# One way ticket?



## monkeypuzzler (Jul 13, 2010)

Hi all,

Firstly thanks for all your collective advice that I've gleaned from the site, it's been really useful!

My question is, does anyone know of any complications when only booking a one way ticket entering Aus? (Do I need to fill in the departure date on the landing form?!)

My situation: I'm arriving on the 18th to Sydney and have been granted a working holiday visa. I start work on the 27th and my company are already processing my 457 visa but I've had no confirmation of it being granted yet.

I've emailed immigration but they're yet to get back to me so any advice in the meantime would be greatly appreciated.

thanks,

Ashley


----------



## amaslam (Sep 25, 2008)

It's mainly an issue if you're coming in on a visitor visa. They will want to know in detail how you're going to leave and why you've only booked a one way ticket. 

This should not be an issue if you have a valid work visa (457 or WHV).



monkeypuzzler said:


> Hi all,
> 
> Firstly thanks for all your collective advice that I've gleaned from the site, it's been really useful!
> 
> ...


----------



## monkeypuzzler (Jul 13, 2010)

amaslam said:


> It's mainly an issue if you're coming in on a visitor visa. They will want to know in detail how you're going to leave and why you've only booked a one way ticket.
> 
> This should not be an issue if you have a valid work visa (457 or WHV).

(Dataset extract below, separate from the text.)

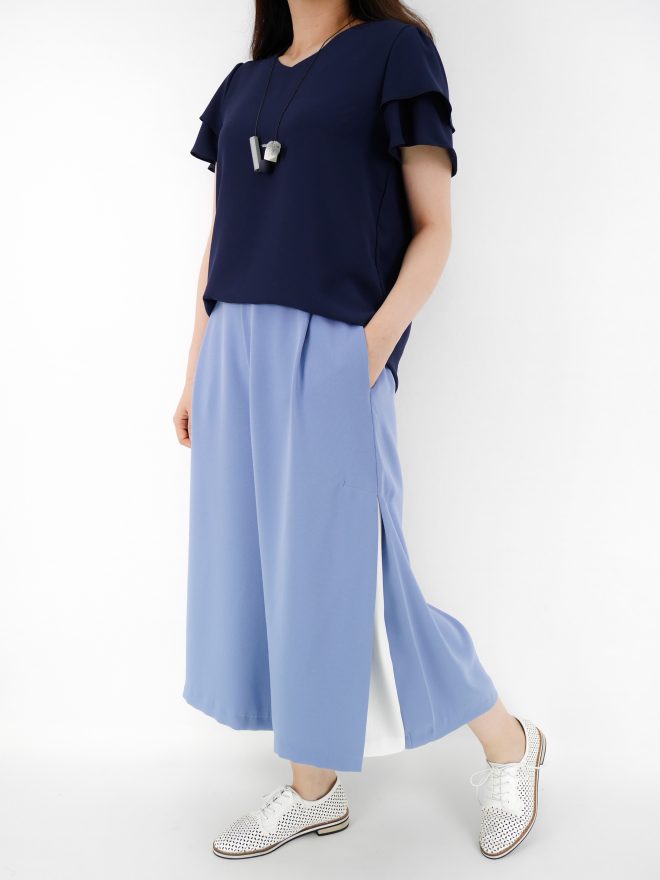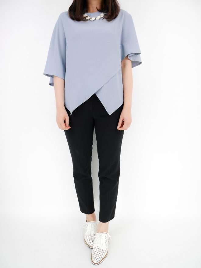 簡約不規則雪紡上衣 – 粉藍色

Thanks Amaslam, I'll ask my work to see if they can speed up my application or at least give me a refernce number I can give to the imigration officers.


Thanks again.


----------



## Kingbear (Nov 6, 2009)

Hi,

I was advised (in general) to get a return ticket as if you get to immigration and they ask why you're coming in on a one way ticket with a holiday visa, you might either get refused entry, or, made to buy the return there and then (at probably not a cheap fee).
For the couple of hundred pounds difference, I'm going to book a return with my return date as far as the airline will allow. Should I want to go home, I can then pay the small fee to change the return date (if its still within the full years boundary), or, let it run out. For me, the time and effort its taken for me to get in, is worth the extra few hundred pounds purely for peace of mind.

KB


----------



## monkeypuzzler (Jul 13, 2010)

Kingbear said:


> Hi,
> 
> I was advised (in general) to get a return ticket as if you get to immigration and they ask why you're coming in on a one way ticket with a holiday visa, you might either get refused entry, or, made to buy the return there and then (at probably not a cheap fee).
> For the couple of hundred pounds difference, I'm going to book a return with my return date as far as the airline will allow. Should I want to go home, I can then pay the small fee to change the return date (if its still within the full years boundary), or, let it run out. For me, the time and effort its taken for me to get in, is worth the extra few hundred pounds purely for peace of mind.
> ...


Hi all,

I just had a response from the immigration department and I quote:

_'It is possible to enter Australia on a Working Holiday visa if you have arrived on a one way ticket. The main consideration is you will need to satisfy the Immigration Officers at the airport when you arrive that you have sufficient funds to support yourself as per the requirements of the Working Holiday visa. In addition to these funds, you will need to provide evidence that you have sufficient funds to purchase a ticket out of Australia. Proof of funds can be demonstrated in the form of the most recent bank statement you have or any other proof demonstrating available funds. '_

Thought you'd like to know.

See you there!

Ash


----------